Dataset content:

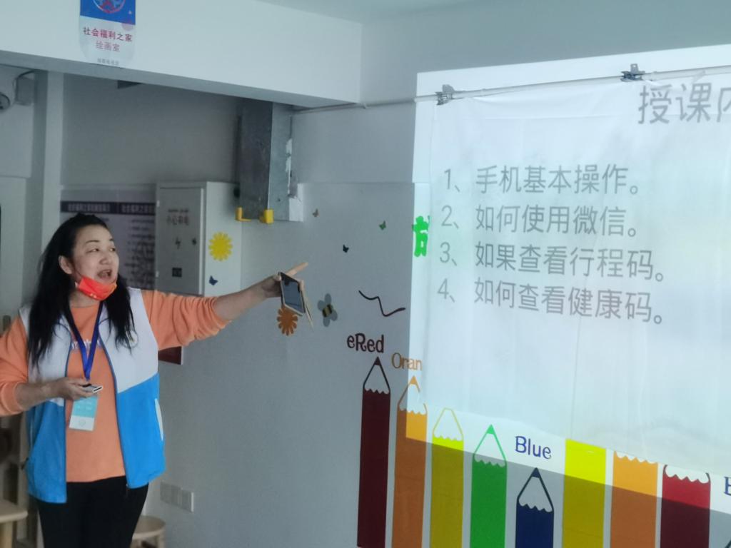 科普志愿者朱玲霞老師就智能手機密碼設置、健康碼、行程碼、核酸監測、疫苗接種查詢,手機網上購物、網上訂票、微信支付、看病預約掛號等與老年人生活相關的程序逐一向大家進行了演示,并與老大家開展了互動,對老人們提出的一些常見問題一一作了解答。
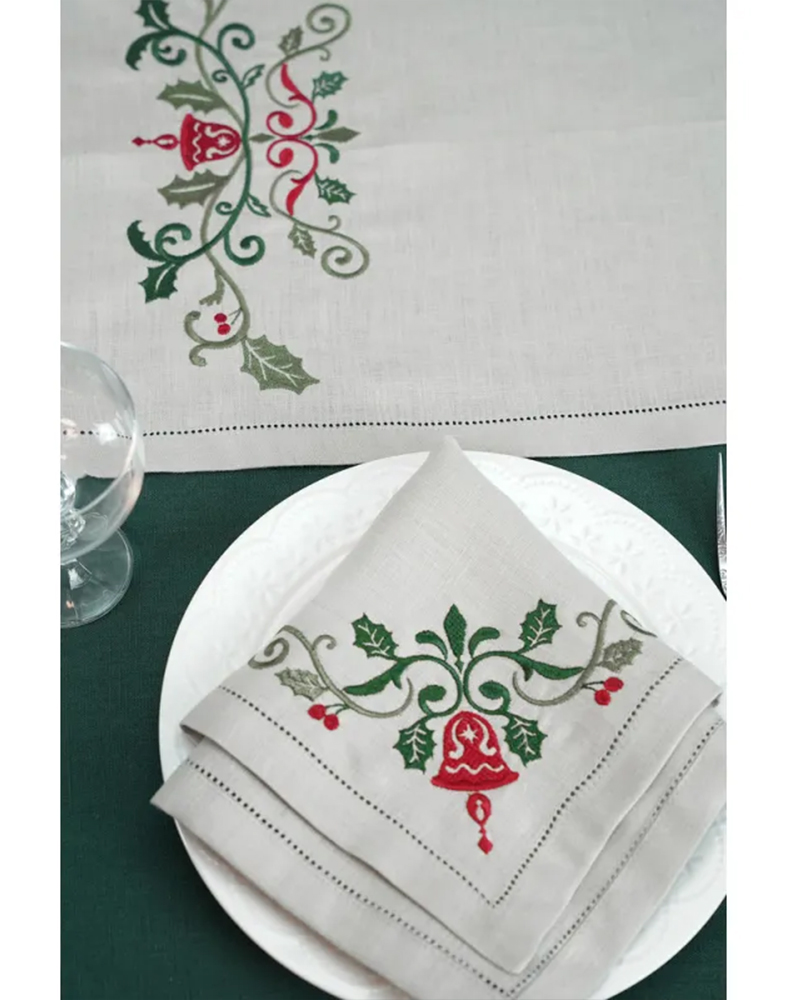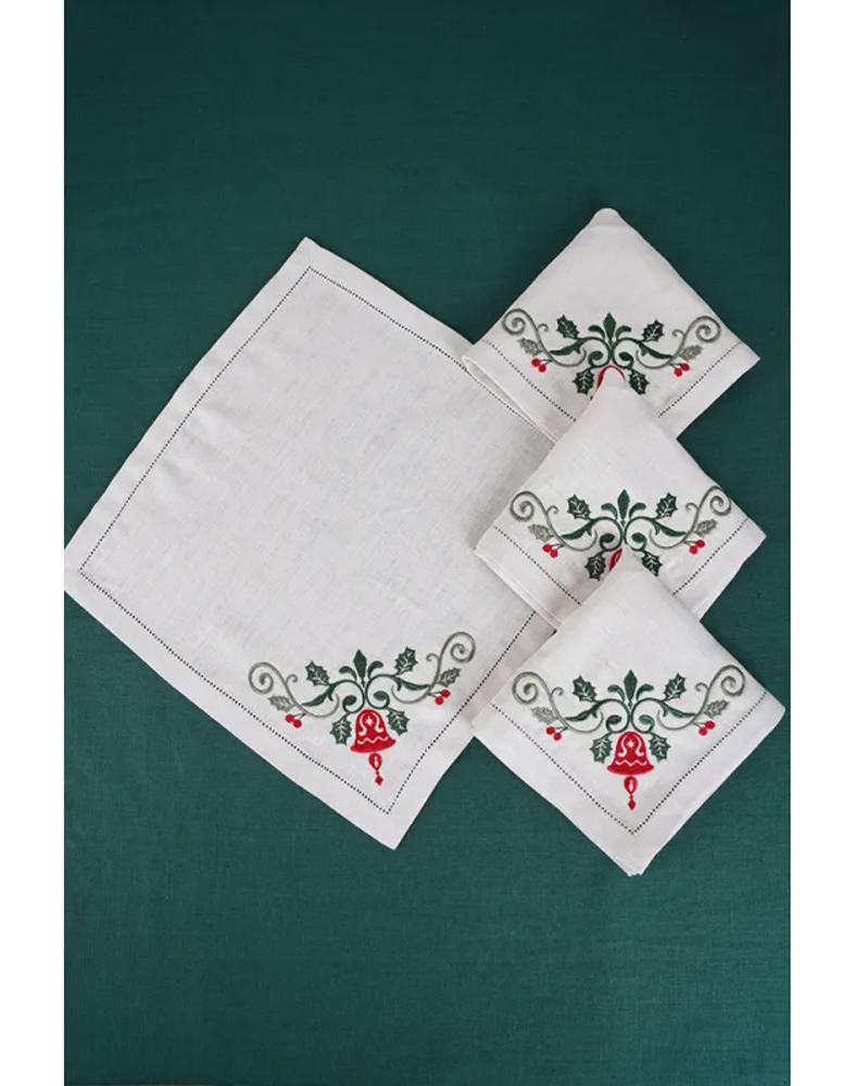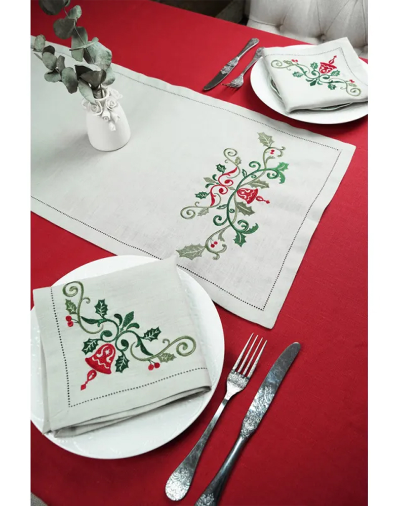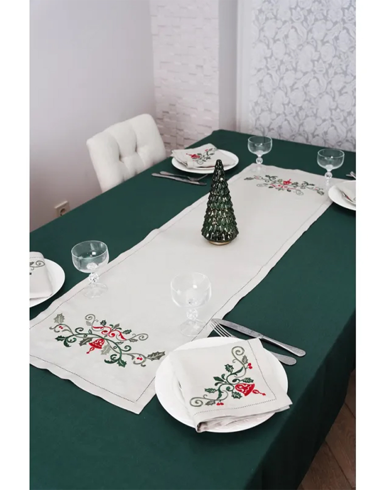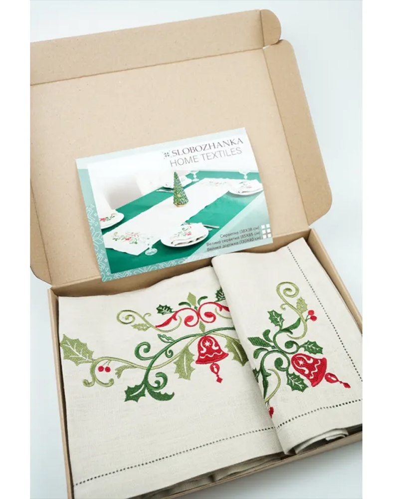 Набір столовий “Святковий” — це стильний та практичний комплект для новорічної та різдвяної сервіровки. До набору входить доріжка 130×40 см та 4 лляні серветки 38×38 см, виконані з натурального бежевого льону. Кожен елемент оздоблений тематичною святковою вишивкою та акуратною мережкою по краях, що додає виробам витонченості та преміального вигляду.
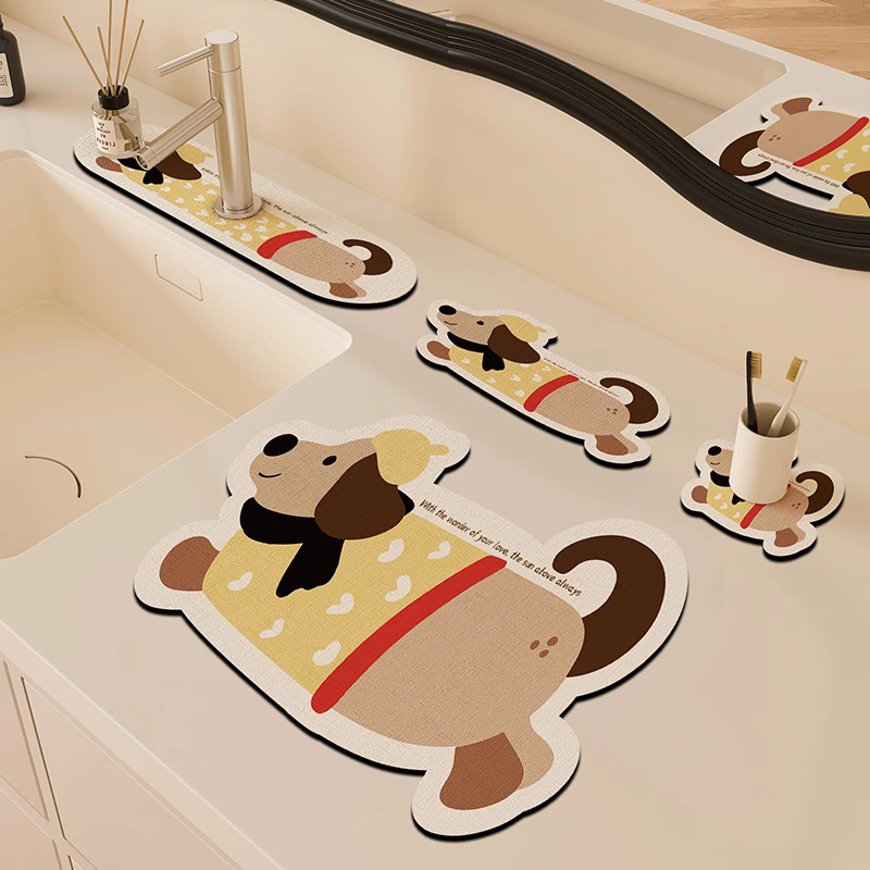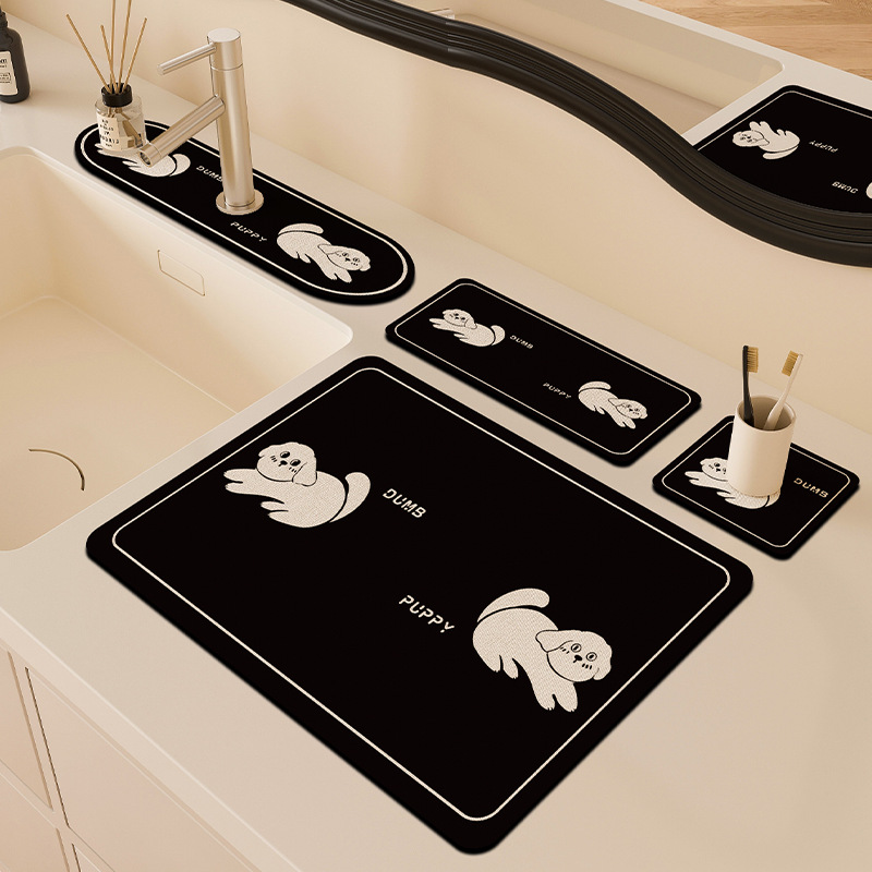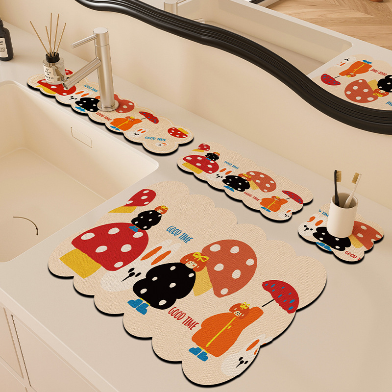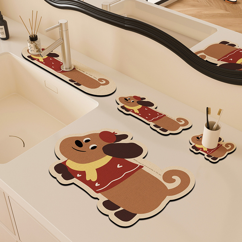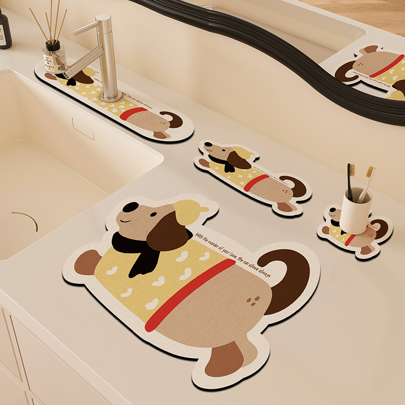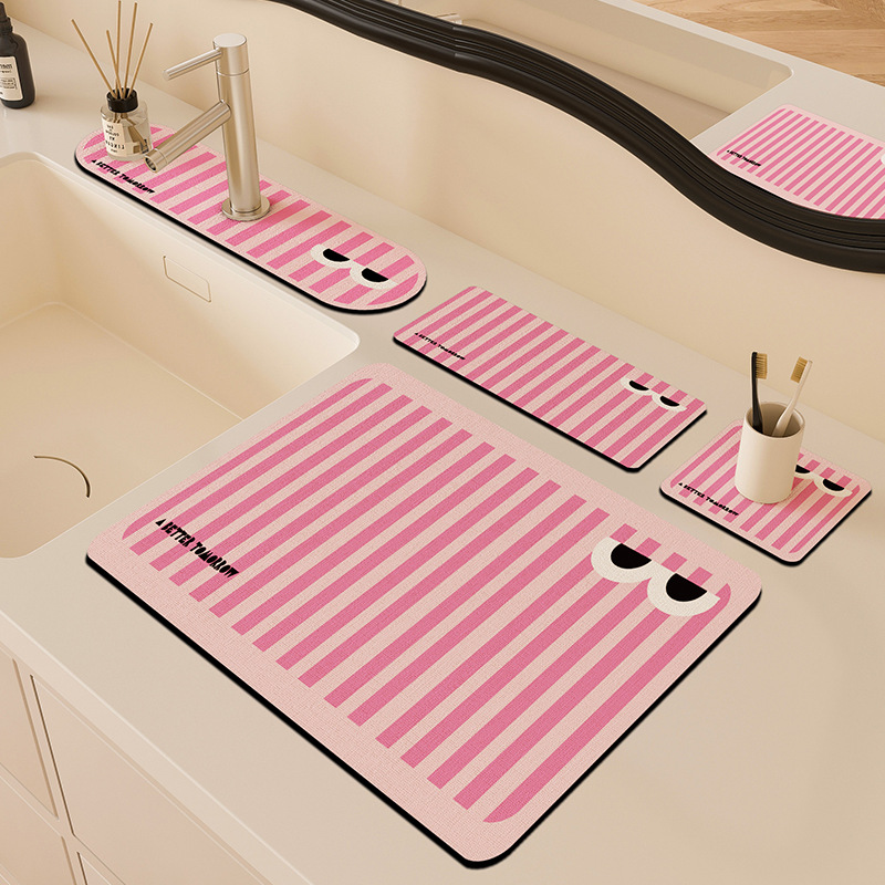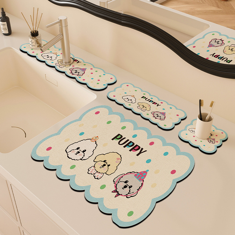 만화 주방 수도꼭지 배수 패드, 세면대, 좁은 가장자리 스플래시 패드, 욕실 세면대 흡수 패드스토어 가기
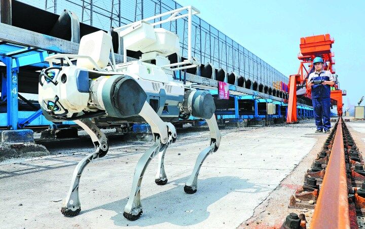 7月23日,在秦港股份九公司貨運現(xiàn)場,一只機器狗正邁著矯健步伐在煤炭堆場穿梭,開展皮帶機巡檢工作。

Work instructions: Copy out the whole listing word for word, except for any picture it includes.

Answer section:
 科普志愿者朱玲霞老師就智能手機密碼設置、健康碼、行程碼、核酸監測、疫苗接種查詢,手機網上購物、網上訂票、微信支付、看病預約掛號等與老年人生活相關的程序逐一向大家進行了演示,并與老大家開展了互動,對老人們提出的一些常見問題一一作了解答。
 Набір столовий “Святковий” — це стильний та практичний комплект для новорічної та різдвяної сервіровки. До набору входить доріжка 130×40 см та 4 лляні серветки 38×38 см, виконані з натурального бежевого льону. Кожен елемент оздоблений тематичною святковою вишивкою та акуратною мережкою по краях, що додає виробам витонченості та преміального вигляду.
 만화 주방 수도꼭지 배수 패드, 세면대, 좁은 가장자리 스플래시 패드, 욕실 세면대 흡수 패드스토어 가기
 7月23日,在秦港股份九公司貨運現(xiàn)場,一只機器狗正邁著矯健步伐在煤炭堆場穿梭,開展皮帶機巡檢工作。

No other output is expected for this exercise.